Sunday, April 28, 2013

George W. Bush's Semen Drenches Crime Scene

The George W. Bush Presidential Center dedication ceremony occurred April 24th, 2013. The center includes a library and museum. In lockstep with the dedication come numerous editorials, columns and blogs taking the rectal temperature of George W. Bush Junior’s legacy to date. Of course, the centerpiece of the conversation is the lingering fumes of the Iraq War.

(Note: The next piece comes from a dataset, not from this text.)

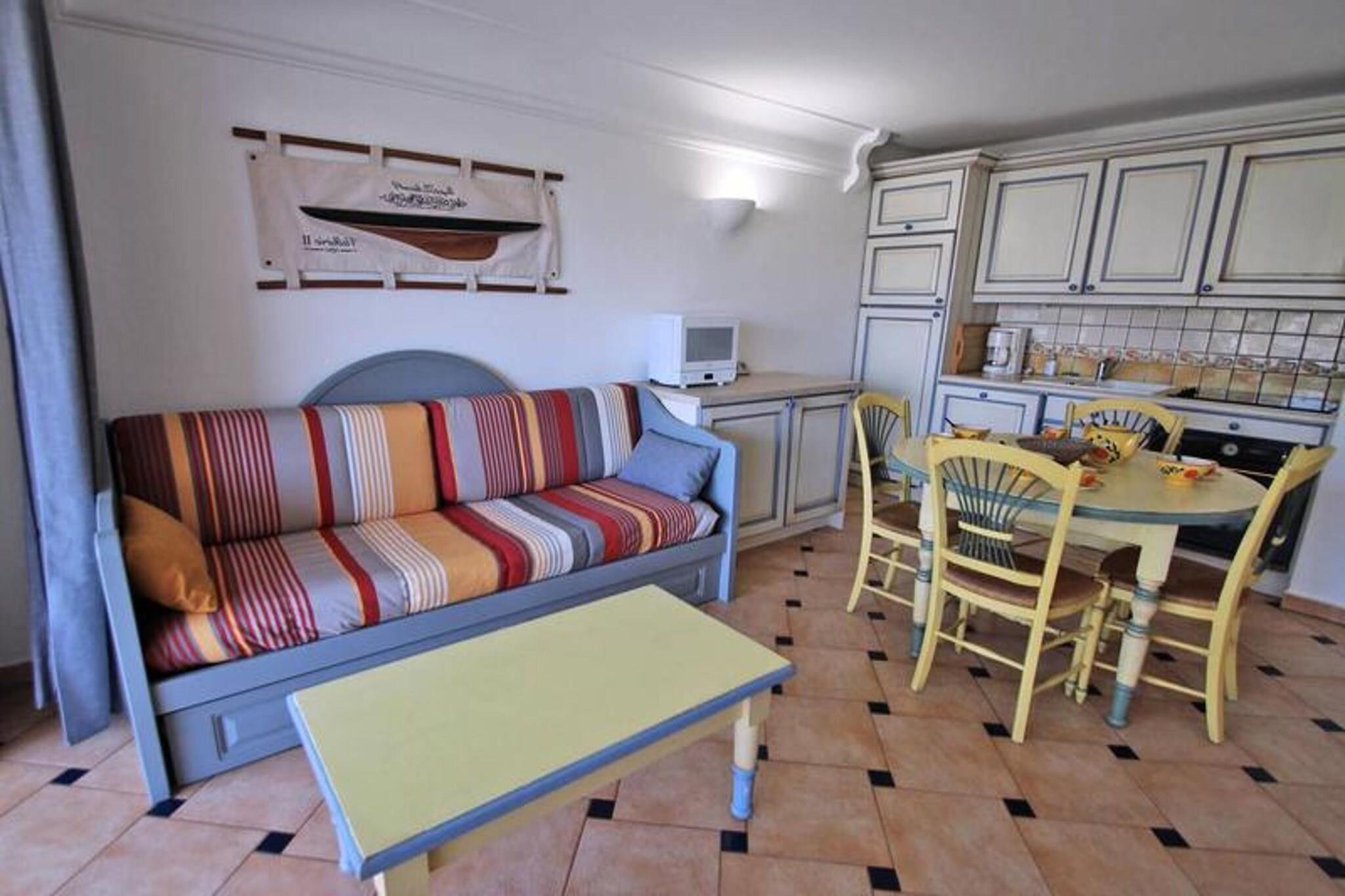 Denne 40 m² store 3-værelses lejlighed med en alkove ligger på 3. sal i Résidence Port Marine og tilbyder et behageligt ophold for op til 5 gæster. Stuen er møbleret med en sofa, der kan omdannes til to udtrækssenge på 80 cm, et fladskærms-tv, en værdiboks og en spiseplads. Det veludstyrede amerikanske køkken har en 4-brænder kogeplade, ovn, køleskab/fryser, opvaskemaskine, mikroovn, brødrister og kaffemaskine. Det store soveværelse byder på en dobbeltseng (160cm eller 2x80cm) og opbevaring, mens det andet soveværelse, som er placeret i en alkove, har køjesenge (2x80cm) og ekstra skabsplads. Lejligheden har også et badeværelse med badekar, vaskemaskine og vaskeskab. Denne bolig er ideelt beliggende for nem adgang til lokale attraktioner, med byens centrum kun 400 meter væk og stranden kun 300 meter fra ejendommen. Butikker er blot 100 meter væk, hvilket giver bekvemmelighed til daglige behov. Gæsterne kan nyde en 14 m² stor terrasse med udendørsmøbler, som tilbyder en fredelig udsigt over floden. Boligen kan også prale af en swimmingpool, tilgængelig fra maj til oktober, og en privat underjordisk parkeringsplads (maks. højde 185 cm) til gæsternes brug. Yderligere faciliteter inkluderer aircondition, lomme-Wi-Fi og en fredelig atmosfære. Kæledyr er ikke tilladt. Lejligheden er perfekt til familier eller små grupper, der søger en veludstyret og bekvem beliggenhed nær Sainte-Maximes vigtigste attraktioner.

I’d like to clang my cymbals on the subject and hope my notes transcend the ruckus of noise instigated by the sophomoric glut of critics Bush Jr. has rustled since 2000. I’m going to refrain from picking the low hanging fruit and suggest that GWB’s presidential library is populated with pop-up books or joke that only a single copy of See Jack Run is available for check-out. On the other hand, perhaps a guided tour of the museum portion of the center features heaps of Iraqi civilian wax-figure corpses or tape-looped footage of Colin Powell pumping the United Nation’s snatch-wacker in lea of yanking the rip cord on Shock and Awe.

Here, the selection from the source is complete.